Upon closely inspecting the photos, you wonder: “What is this pink/magenta haze near the corners and edges in my photos?” 

In fact, purple fringing is not always purple or magenta/pink. It can also have a greenish tint. 

Purple or green—fret not, here are some easy tips for correcting aberration in post-production.

Let’s start off with a quick, universal CA tip.

Chromatic aberration is not an issue in black and white photography. Hence, you could convert your camera to noir—or convert your photo to grayscale.

Now let’s see how to fix it in color photos.

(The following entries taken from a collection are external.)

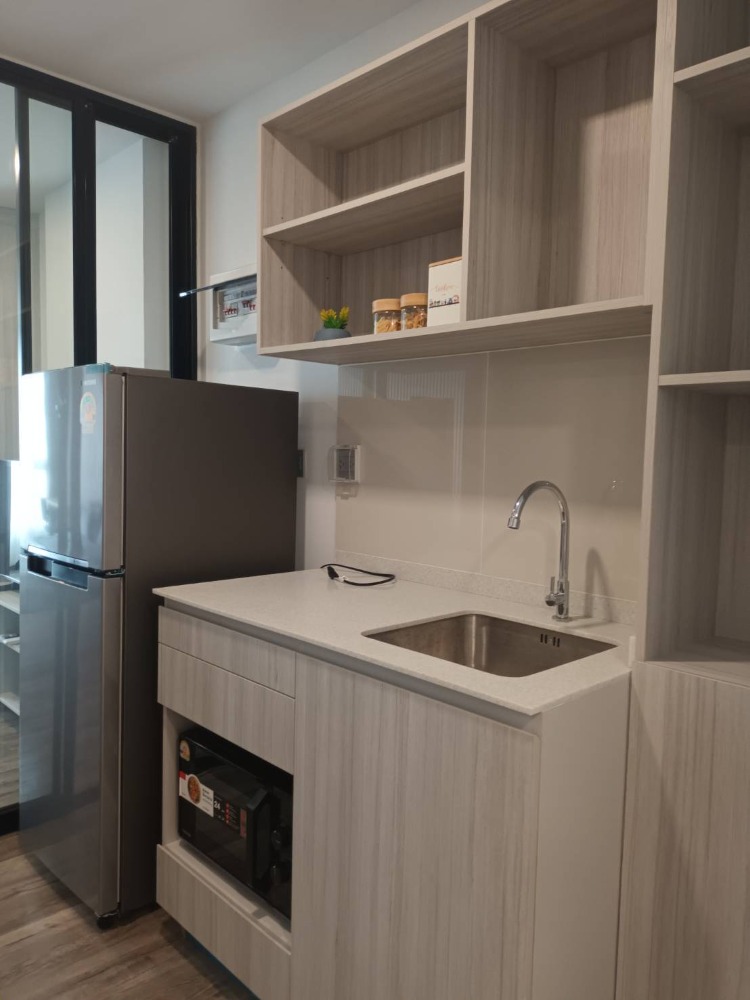 Details in the room: -Smart lock door -Bluetooth sound system -TV -5-foot bed -Air conditioner -Refrigerator -Microwave -Water heater -Curtains -Sofa -Washing machine -Work desk Rental price 9,800 baht/month (1 year lease) 2-month room deposit 1-month first months rent Total payment for 3 months, ready to move in Contact for more information at ☎ Contact number (P.Ai) Line: ay_c90 (Add Line to make an appointment to view the room)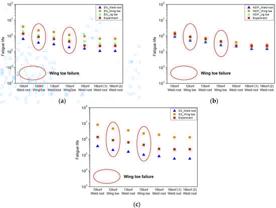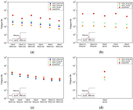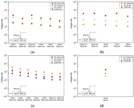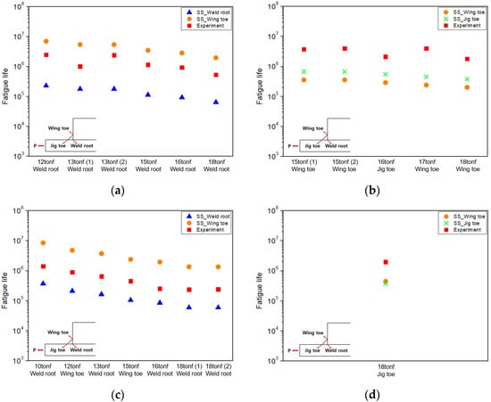 In all conditions, the analysis results lie above the design S–N curve. In addition, compared to other local stress approaches, the structural stress method showed the most linear S–N data trend regardless of the structural geometry or weld penetration. Figure 21 presents the predicted fatigue life at each location based on the structural stress approach. It can be observed that the predicted failure locations correspond to the primary failure locations observed in the experiments.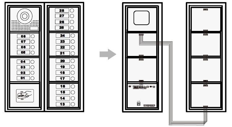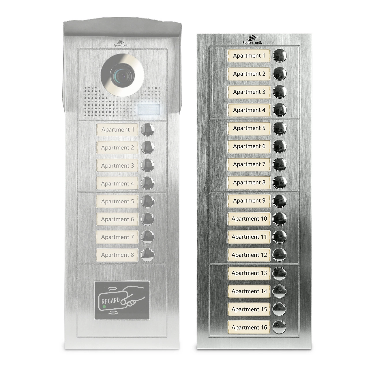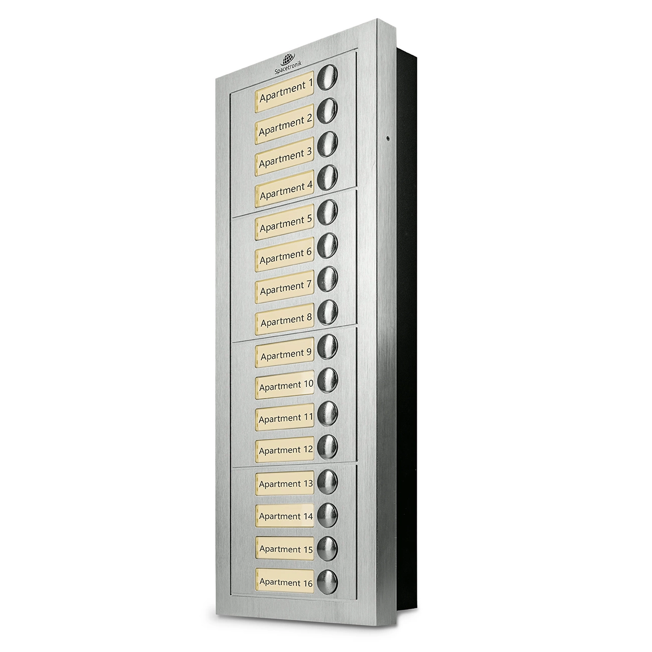 Dodatkowy panel szesnastorodzinny do rozbudowy systemu Spacetronik DiO. Panel wyróżnia się estetycznie wykonaną wandaloodporną obudową ze stopu aluminium, w którą wkomponowane zostały podświetlane szyldy. Podświetlenie nocne LED pozwala na komfortowe korzystanie z urządzenia w warunkach niedostatecznej widoczności.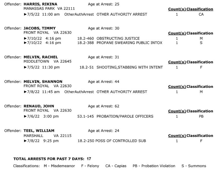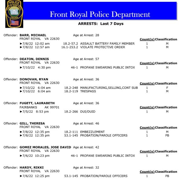 POLICE: 7 Day FRPD Arrest Report 7/11/2022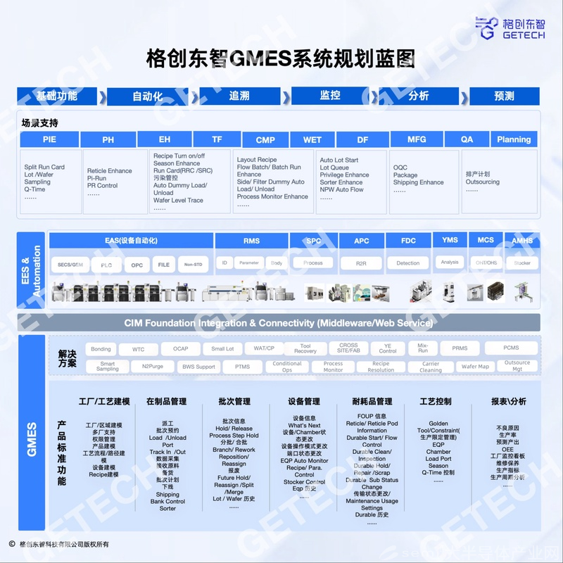 无论是新建先进制程产线,还是现有产线智能化升级,格创东智12吋GMES系统都能提供量身定制的解决方案,助力每一座晶圆厂打造面向未来的智能工厂。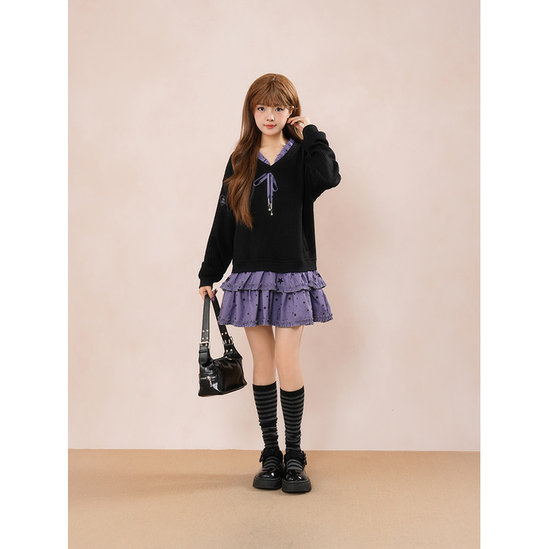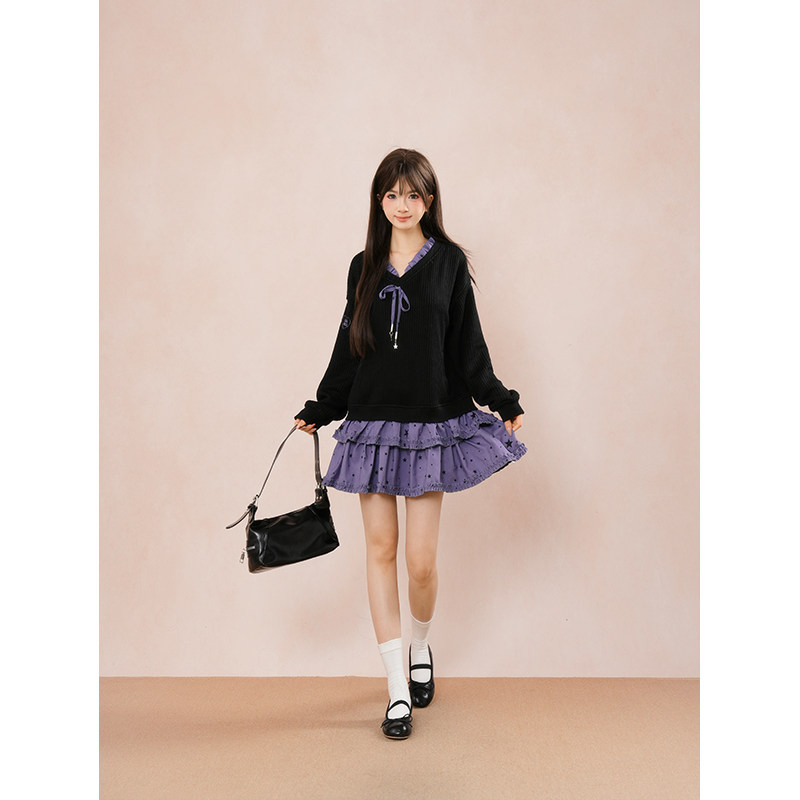 黑化次元 秋冬新款日系哥特风万圣节小魔女黑紫针织拼接连衣裙子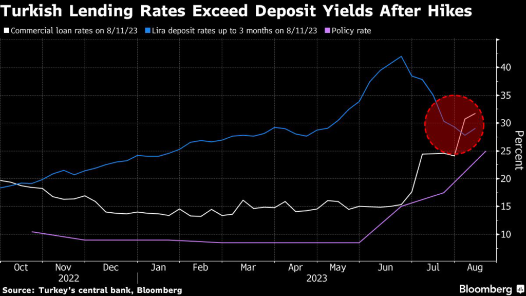 Turkey’s one week-repo rate is now at the highest since the nation started to use it as the sole benchmark.

How to Get Rid of Fringing aka Chromatic Aberration in Lightroom

If you’re using Lightroom Mobile, tap the Optics panel and activate the switch that says,… you guessed it! “Remove Chromatic Aberration.”

In Lightroom CC, the process is similar: open up the affected image using the Develop panel.

From there, select “Lens Corrections,” and finally, “Remove Chromatic Aberration” in the Profile tab.

If you’re using Lightroom Classic, you’ve probably been around the block.

In any case, Adobe has an official guide on CA removal. The Classic workflow is slightly more hands-on but also more nuanced and flexible.

How to Remove Fringing Using Photoshop

First of all, there is a dead-simple way to remove fringing/aberration in Adobe Photoshop.

Go to the Filters pane and pick the “Lens Correction” filter. 

If this doesn’t solve the problem, duplicate the layer, apply the “Gaussian Blur” filter, and change blending mode to color.

Finally, apply a layer mask and brush away the areas that should not be affected. 

Final Thoughts

In case you’ve ever been puzzled what’s the magenta haze near the objects’ edges on your photos, it should be abundantly clear now. 

The fringing effect is caused by chromatic aberration—an optical artifact that you can easily prevent and combat at various stages. 

Using a quality lens, stopping up, and avoiding contrasty edges, are all viable options to get rid of CA. As a last resort, you can quickly correct it in post.